Ich übergebe eigentlich nur eine Liste von Strings. (Die dimension Variable ist auch ein String). Die Übergabe funktioniert doch über das <f:selectItems> - Tag oder nicht?

Vorher hatte ich an der Stelle ein InputText und mit dem hat das Binding an die Bean wunderbar funktioniert. Allerdings macht das Binding mit dem selectOneMenu jetzt irgendwie Schwierigkeiten. 

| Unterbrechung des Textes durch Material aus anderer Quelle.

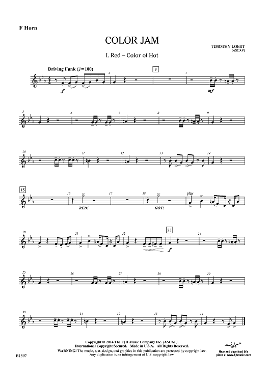 "Color Jam - F Horn" Sheet Music by Timothy Loest
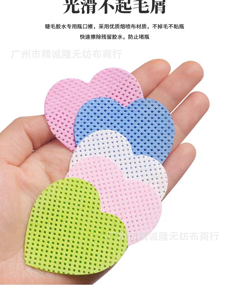 Специальный клей для наращивания ресниц, чистящие ватные диски в форме сердца, салфетки для протирания горлышек бутылок, средство для снятия макияжа с ресниц после наращивания, нетканые салфетки для бутылок с клеем.

Ich verstehe auch nicht was der Konverter mit meinen Strings machen würde/sollte. 
Hab' auch schon einen geschrieben der immer einen String zurück gibt, denn das Object das übergeben wird ist ja auch ein String


----------



## @x.l (30. Apr 2010)

Also nochmal die Frage: "Wie, Wo und Wann bekommst du null zurück?"

Eigentlich sollte es funktionieren und der Wert in *#{product.surveyedProductEntity.dimension}* landen.

Sollte es immer noch nicht gehen, dann zeig mal mehr Code.


----------



## marzelsius (30. Apr 2010)

@x.l, ich habs jetzt hinbekommen 
zwar nicht mit dem onselectMenu dafür aber mit der rich:comboBox. kA was da den unterschied macht, aber nun geht's :toll:


----------